Как я таким стал, или Шизоэпиэкзистенция - Белов Руслан. Страница 26
В семьдесят четвертом меня впустили в себя ущелья, населенные доверчивыми красными сурками, ущелья, украшенные то гордыми эремурусами, то застенчивым иван-чаем, то сухопарыми ирисами, меня впустили в себя тишь и спокойствие, лишь время от времени сотрясаемые метлами очистительных лавин и селей, меня впустило в себя голубое горное небо.
И вот, через семь лет я покидаю поле сражения, поле избиения естества. Борта ущелий, некогда ласкавшие божий взор, я исполосовал бесчисленными шрамами разведочных канав и траншей, то там, то здесь теперь зияют оставленные мною смертельные пробоины штолен, их сернистые отвалы отравляют прозрачно-пенистые ручейки, превращая их в мутные потоки.
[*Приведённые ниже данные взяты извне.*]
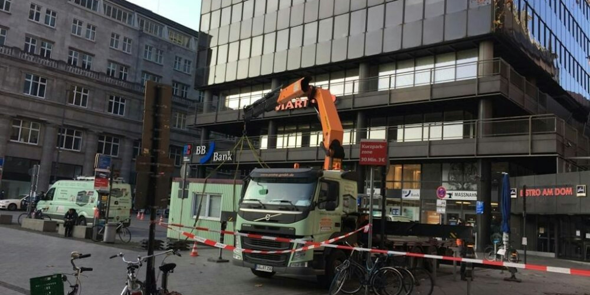 Köln – Bevor sich Ratten und Mäuse in den ausgedienten Containern der Bundespolizei am Seiteneingang des Hauptbahnhofes so richtig gemütlich machen, kam am Dienstagmorgen der Kran und hievte die Container auf einen Lastwagen. „Wir brauchen die Container nicht mehr. Sie haben für uns ausgedient“, hatte eine Sprecherin der Bundespolizei schon vor vielen Wochen gesagt. Doch die Deutsche Bahn brauchte offensichtlich längere Zeit, um die in die Jahre gekommenen Behälter fortzuschaffen.

Я высосал отсюда все, что хотел, но это оказалось не нужным – я потерял себя, потерял все.
Днем на краю вертолетной площадки дизелист поймал в удавку сурка, последнего в округе. Поймал и огорчился: шкурка последнего из могикан оказалась безнадежно испорченной бесчисленными шрамами от пуль, дроби и удавок.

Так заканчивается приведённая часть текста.